3. Hydrates alumineux des matrices cimentaires de CEM III

Les matrices cimentaires de CEM III sont susceptibles de relarguer de l’aluminium lors de la lixiviation. Cette partie détaille la structure et la composition chimique des différents hydrates alumineux composant ces matrices. Les anhydres du ciment CEM III peuvent également être une source d’aluminium lors de la lixiviation. Il s’agit dans ce cas des phases C4AF et C3A du clinker et de l’aluminium contenus dans le laitier sous forme cristalline ou vitreuse.

3.1. Les C-A-S-H

Les C-S-H font partie des principaux hydrates des pâtes de ciment (CEM I et CEM III). De l’aluminium peut s’incorporer dans ces hydrates, qui sont alors notés C-A-S-H. Ce phénomène est accentué lorsque le ciment est riche en aluminium comme les CEM III. Ce paragraphe traitera dans un premier temps des C-S-H puis s’intéressera aux C-A-S-H.

3.1.1. Les C-S-H

Les silicates de calcium hydratés (C-S-H) sont les principaux hydrates constituant la phase liante de la pâte de ciment. Les C-S-H sont faiblement cristallisés et se présentent sous la forme de particules

nanométriques agrégées les unes aux autres. La taille de ces particules est d’environ 60x50x5 nm3 pour

1 < Ca/Si < 1,5 et de 60x30x5 nm3 pour 1,7 < Ca/Si < 2 [41].

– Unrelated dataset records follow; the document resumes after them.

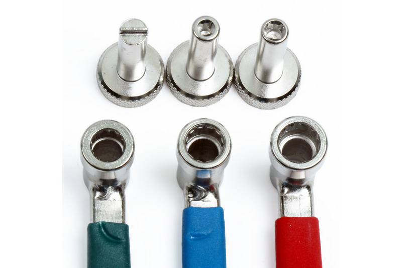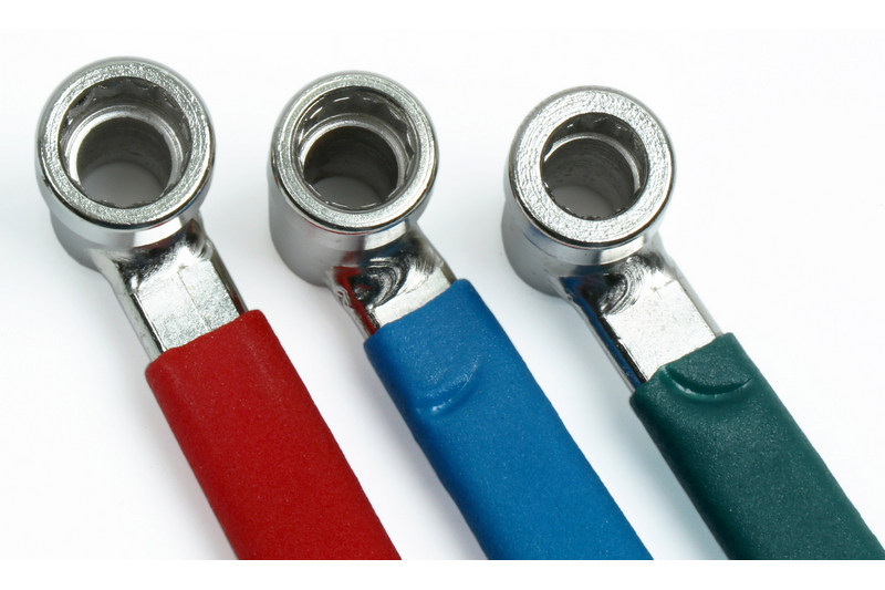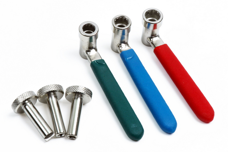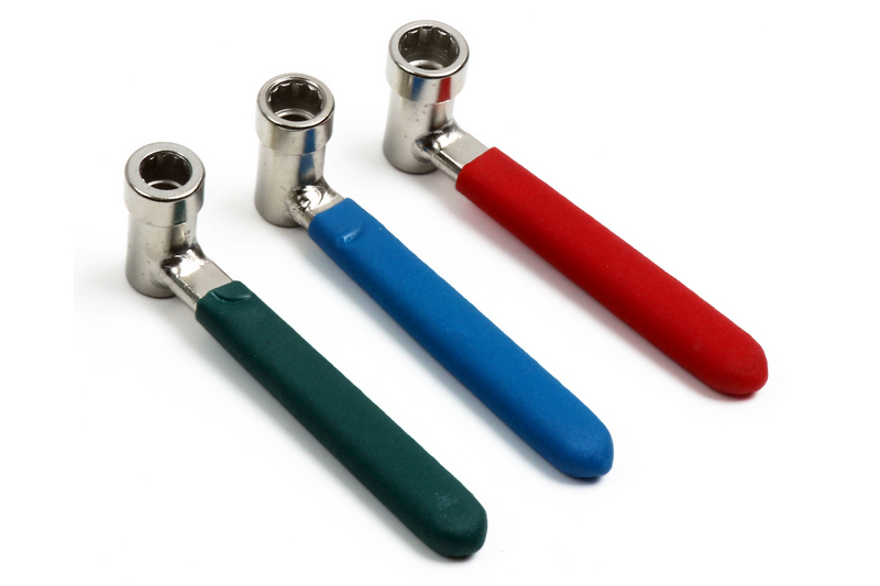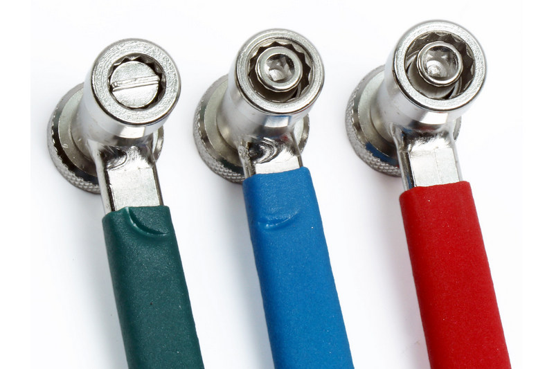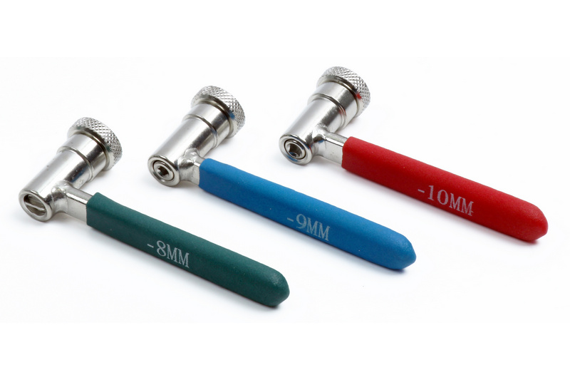 Set contains three wrenches (8, 9 & 10mm) and three adjusters (screw type and 3 & 4mm square-type).
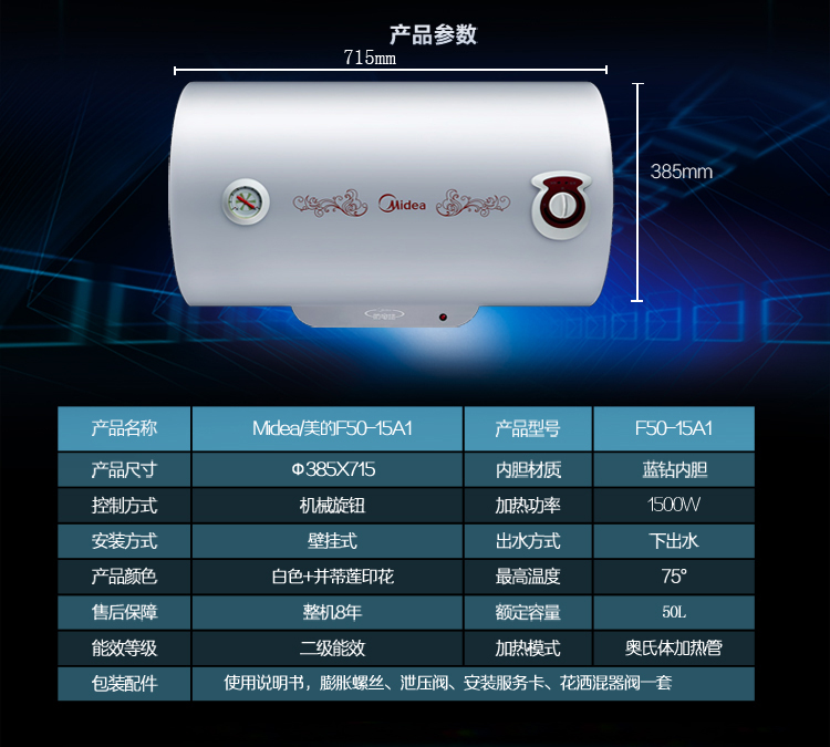 商品名称:美的(Midea) F50-15A1 50升 电热水器
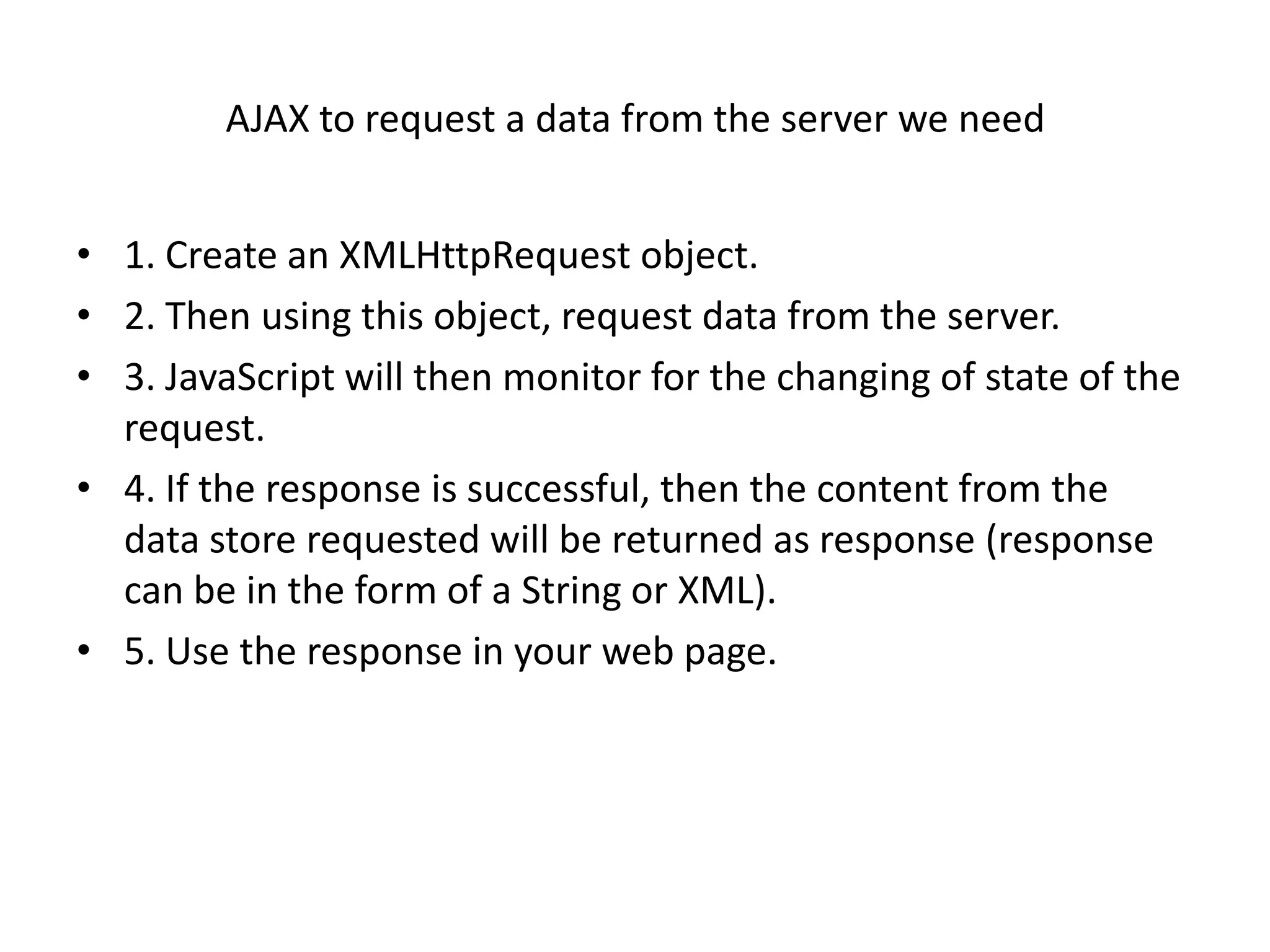 AJAX allows asynchronous communication between the browser and server without reloading the page. It uses the XMLHttpRequest object to make HTTP requests and retrieve data from the server in the background. This allows parts of the web page to be updated independently without interfering with the display and behavior of the existing page.

La stœchiométrie des C-S-H est liée à la composition de la solution porale avec laquelle ils sont à l’équilibre : plus la solution interstitielle est concentrée en calcium (ou faible en silicium), plus le rapport C/S des C-S-H est élevé. Le rapport C/S est généralement compris entre 0,7 et 1,45. Ces limites sont fixées par le produit de solubilité de la silice amorphe (limite inférieure) et de la portlandite (limite supérieure) (Figure 5). Dans les pâtes cimentaires, la borne supérieure du rapport C/S est généralement de 1,7 mais peut aller jusqu’à 2. Dans ce cas, la solution est sursaturée par rapport à la portlandite, ce qui entraîne un rapport C/S plus important.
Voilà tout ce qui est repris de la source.